PROBLEM TO WORK ON: Repeat the data that follows verbatim. Images are not part of the copy.

[Data extracted from a collection]
◆ ◆ ◆ ◆

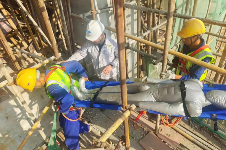 演練過(guò)程中,參演人員劃分為收集組、保障組、警戒組、聯(lián)絡(luò)組、搶救組,通過(guò)模擬突發(fā)“高處墜落”事故,項(xiàng)目部迅速啟動(dòng)應(yīng)急救援預(yù)案,快速、高效、有序?qū)嵤┚仍ぷ?,最大程度降低事故損失,有效減少人員傷亡和財(cái)產(chǎn)損失,維護(hù)施工人員生命安全。
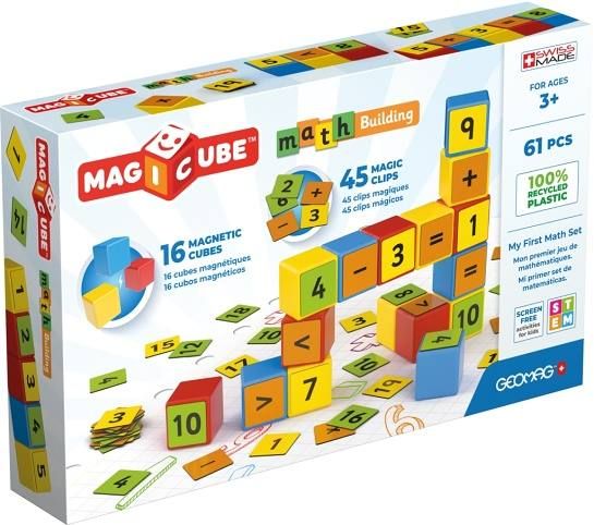 Vyzkoušejte domácí školu hrou s kostkami Geomag a pozorujte jak se Vaše ratolest učí, začíná rozlišovat číslice, tvoří první výpočty a skládá je pomocí magnetických klipů. Děti mají možnost vytvářet různé tvary, barevné kombinace a 3D struktury díky Geomag Magicubes, které jsou jedinečné v tom, že se přitahují a spojují ze všech stran. Sada obsahuje 16 magnetických kostiček ze 100% recyklovaného plastu a 45 magnetických klipů. Barevně jsou rozlišena sudá a lichá čísla, klipy jsou oboustranné. Stavebnice pomáhá při rozvoji kreativity, jemné motoriky a pomocí hry stimuluje zvědavost, hledání řešení a zkoumání systému magnetismu.Vhodné pro děti od 3 let.
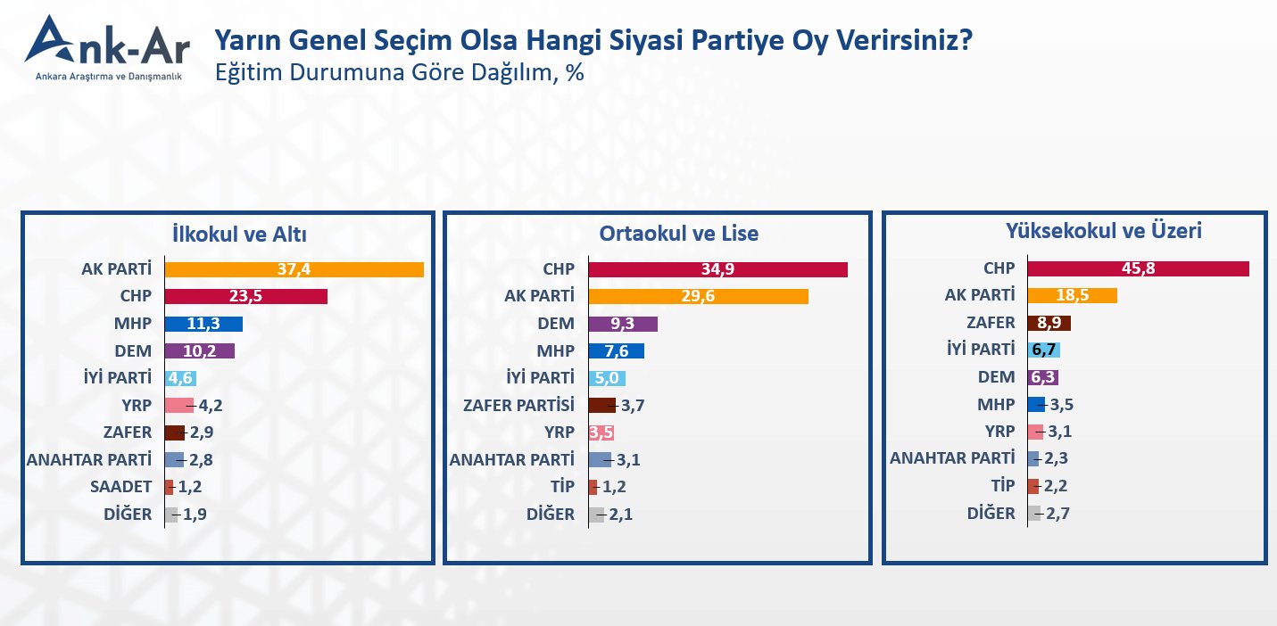 Ank-Ar araştırmasının eğitim durumuna göre dağılım tablosu, seçmen tercihlerinin eğitim seviyesi ile olan ilişkisini ortaya koydu.
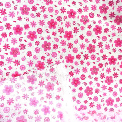 El Dacrón en Flores Wilmez Fondo Blanco o sacron – por metros – es un textil grueso y resistente, con flores escarchadas medianas de 1cm de tamaño. La distancia entre ellas es de 1cm – 3cm, lo que le da un aspecto delicado y elegante. ¡Dale un toque floral a tus creaciones con nuestra tela Dacrón Flores Wilmez!
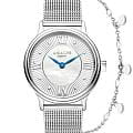 Amalys AMW-197 — женский набор, включающий часы и браслет, выполненный в гармоничном стиле. Круглый корпус диаметром 28 мм изготовлен из нержавеющей стали, а браслет типа «миланская сетка» шириной 14 мм обеспечивает комфортное прилегание и подчёркивает изящный образ. Защитную функцию выполняет сапфировое стеклоСапфировое стеклоПрочный и надёжный материал из кристалла сапфира синтетического происхождения, характеризующийся особой твёрдостью и устойчивостью к царапинам и повреждениям., устойчивое к царапинам и сохраняющее прозрачность. Механизм — кварцевый, надёжный и точный. Браслет снабжён раскладным замкомРаскладной замокДанный вариант застежки используется только на часах с металлическим браслетом. Отличительная особенность такого крепления в том, что длина браслета становится универсальной и вы можете самостоятельно отрегулировать нужный вам размер – застежка просто двигается по браслету часов., что делает ношение удобным и безопасным. Водозащита 5 ATM предохраняет модель от случайных брызг и дождя. Циферблат с римскими индексами и утончённым декоративным узором придаёт часам элегантность, а комплектный браслет завершает цельный и женственный образ.
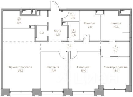 Представляем квартиру в клубном доме Гарден 3 с 3 спальнями площадью 124,7 м2 на 15 этаже.
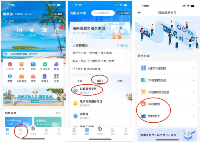下载海易办APP并安装或者使用海易办微信小程序按以下步骤查询票据:
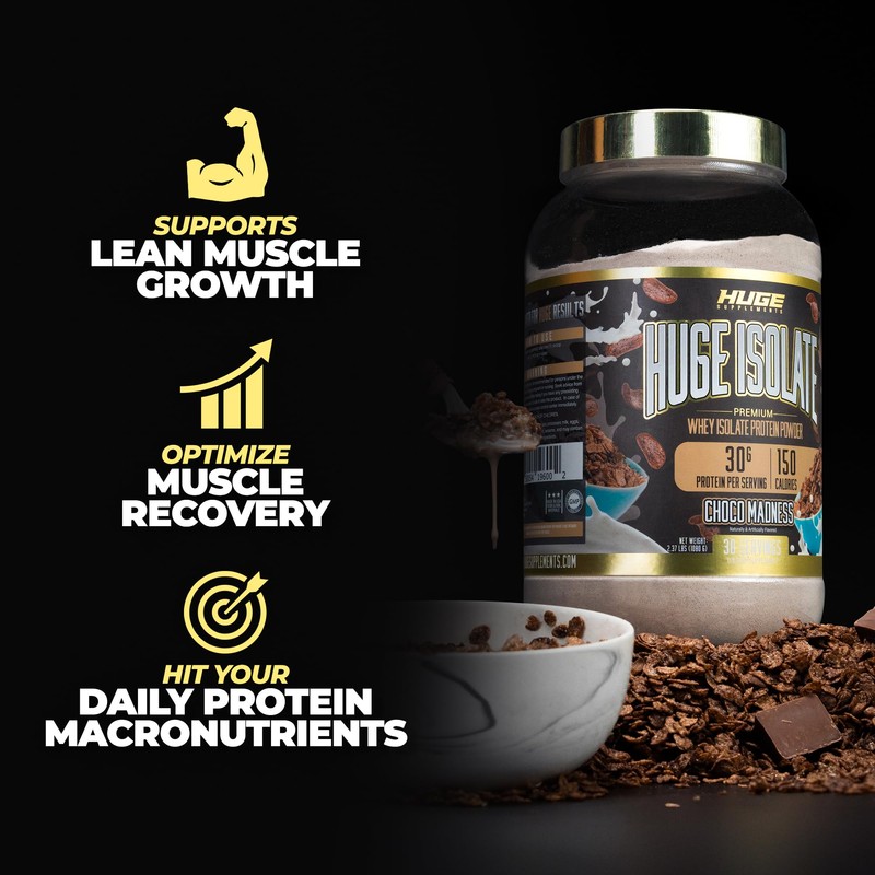 - EASY TO MIX AND VERSATILE: Huge Isolate is easy to mix with water, milk, or other beverages, making it a convenient and versatile protein source that can be used in smoothies, shakes, baked goods, and more. Indulge in the delectable flavors of our premium whey protein isolate powder, offering a delightful and satisfying taste experience with every sip.
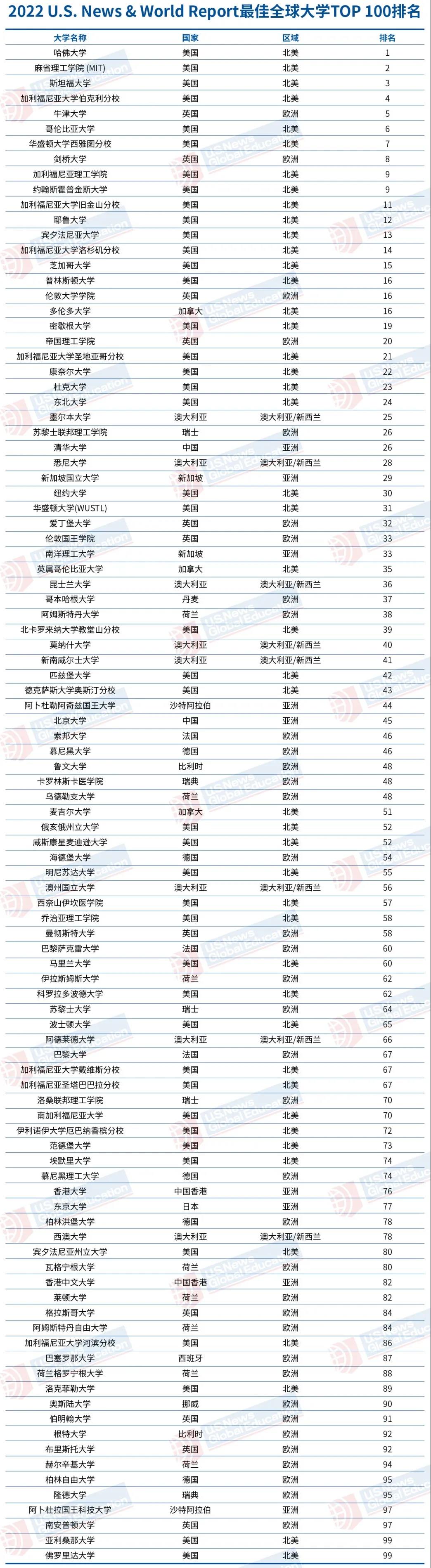最新!2022USNews世界大学排名!哈佛依然排名第一!清华再次上升!
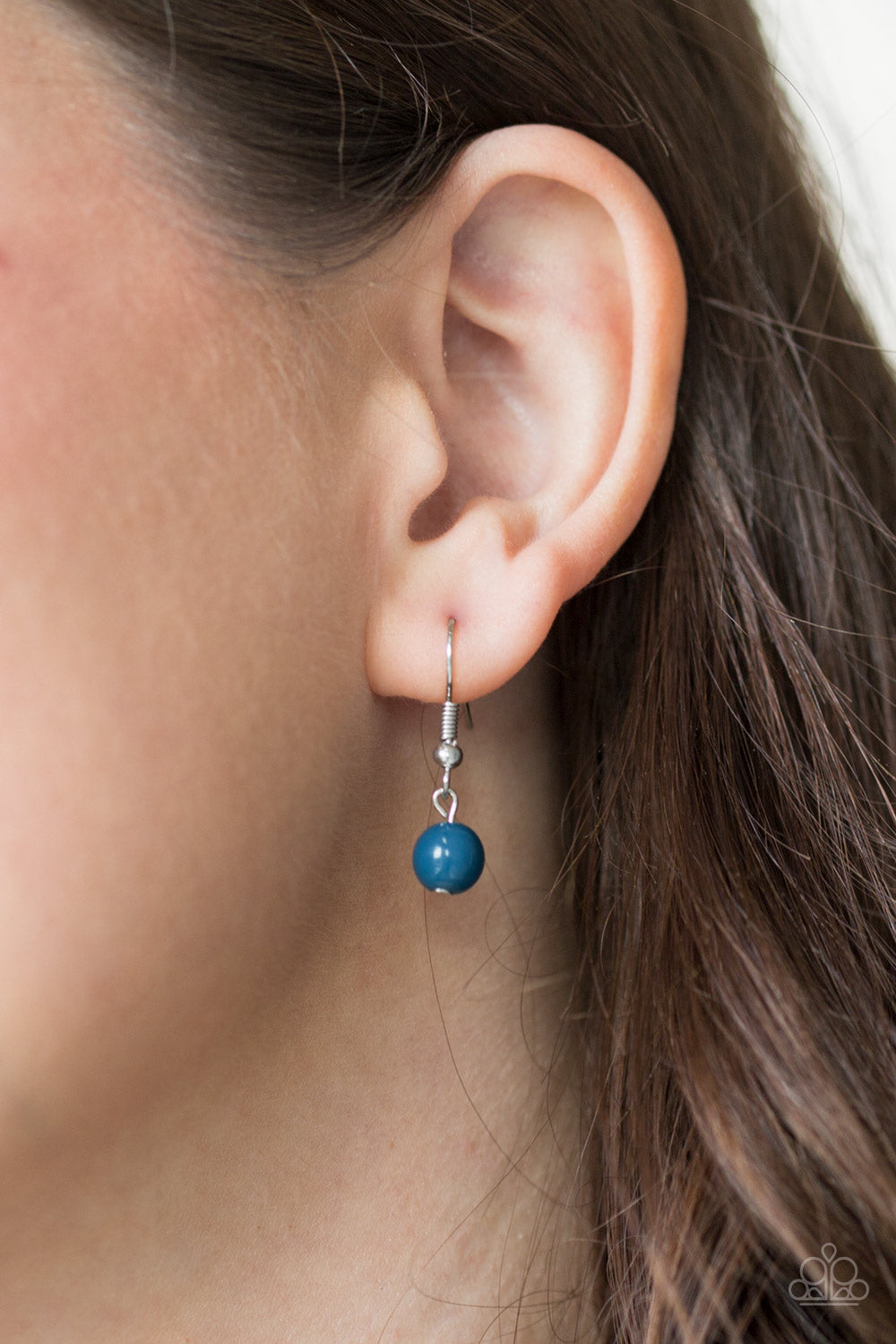 Infused with a lengthened silver chain, a polished blue bead is pressed into the center of a flared silver pendant for a bold tribal flair. Features an adjustable clasp closure.

◆ ◆ ◆ ◆

EXERCISE RESULT:
 演練過(guò)程中,參演人員劃分為收集組、保障組、警戒組、聯(lián)絡(luò)組、搶救組,通過(guò)模擬突發(fā)“高處墜落”事故,項(xiàng)目部迅速啟動(dòng)應(yīng)急救援預(yù)案,快速、高效、有序?qū)嵤┚仍ぷ?,最大程度降低事故損失,有效減少人員傷亡和財(cái)產(chǎn)損失,維護(hù)施工人員生命安全。
 Vyzkoušejte domácí školu hrou s kostkami Geomag a pozorujte jak se Vaše ratolest učí, začíná rozlišovat číslice, tvoří první výpočty a skládá je pomocí magnetických klipů. Děti mají možnost vytvářet různé tvary, barevné kombinace a 3D struktury díky Geomag Magicubes, které jsou jedinečné v tom, že se přitahují a spojují ze všech stran. Sada obsahuje 16 magnetických kostiček ze 100% recyklovaného plastu a 45 magnetických klipů. Barevně jsou rozlišena sudá a lichá čísla, klipy jsou oboustranné. Stavebnice pomáhá při rozvoji kreativity, jemné motoriky a pomocí hry stimuluje zvědavost, hledání řešení a zkoumání systému magnetismu.Vhodné pro děti od 3 let.
 Ank-Ar araştırmasının eğitim durumuna göre dağılım tablosu, seçmen tercihlerinin eğitim seviyesi ile olan ilişkisini ortaya koydu.
 El Dacrón en Flores Wilmez Fondo Blanco o sacron – por metros – es un textil grueso y resistente, con flores escarchadas medianas de 1cm de tamaño. La distancia entre ellas es de 1cm – 3cm, lo que le da un aspecto delicado y elegante. ¡Dale un toque floral a tus creaciones con nuestra tela Dacrón Flores Wilmez!
 Amalys AMW-197 — женский набор, включающий часы и браслет, выполненный в гармоничном стиле. Круглый корпус диаметром 28 мм изготовлен из нержавеющей стали, а браслет типа «миланская сетка» шириной 14 мм обеспечивает комфортное прилегание и подчёркивает изящный образ. Защитную функцию выполняет сапфировое стеклоСапфировое стеклоПрочный и надёжный материал из кристалла сапфира синтетического происхождения, характеризующийся особой твёрдостью и устойчивостью к царапинам и повреждениям., устойчивое к царапинам и сохраняющее прозрачность. Механизм — кварцевый, надёжный и точный. Браслет снабжён раскладным замкомРаскладной замокДанный вариант застежки используется только на часах с металлическим браслетом. Отличительная особенность такого крепления в том, что длина браслета становится универсальной и вы можете самостоятельно отрегулировать нужный вам размер – застежка просто двигается по браслету часов., что делает ношение удобным и безопасным. Водозащита 5 ATM предохраняет модель от случайных брызг и дождя. Циферблат с римскими индексами и утончённым декоративным узором придаёт часам элегантность, а комплектный браслет завершает цельный и женственный образ.
 Представляем квартиру в клубном доме Гарден 3 с 3 спальнями площадью 124,7 м2 на 15 этаже.
下载海易办APP并安装或者使用海易办微信小程序按以下步骤查询票据:
 - EASY TO MIX AND VERSATILE: Huge Isolate is easy to mix with water, milk, or other beverages, making it a convenient and versatile protein source that can be used in smoothies, shakes, baked goods, and more. Indulge in the delectable flavors of our premium whey protein isolate powder, offering a delightful and satisfying taste experience with every sip.
最新!2022USNews世界大学排名!哈佛依然排名第一!清华再次上升!
 Infused with a lengthened silver chain, a polished blue bead is pressed into the center of a flared silver pendant for a bold tribal flair. Features an adjustable clasp closure.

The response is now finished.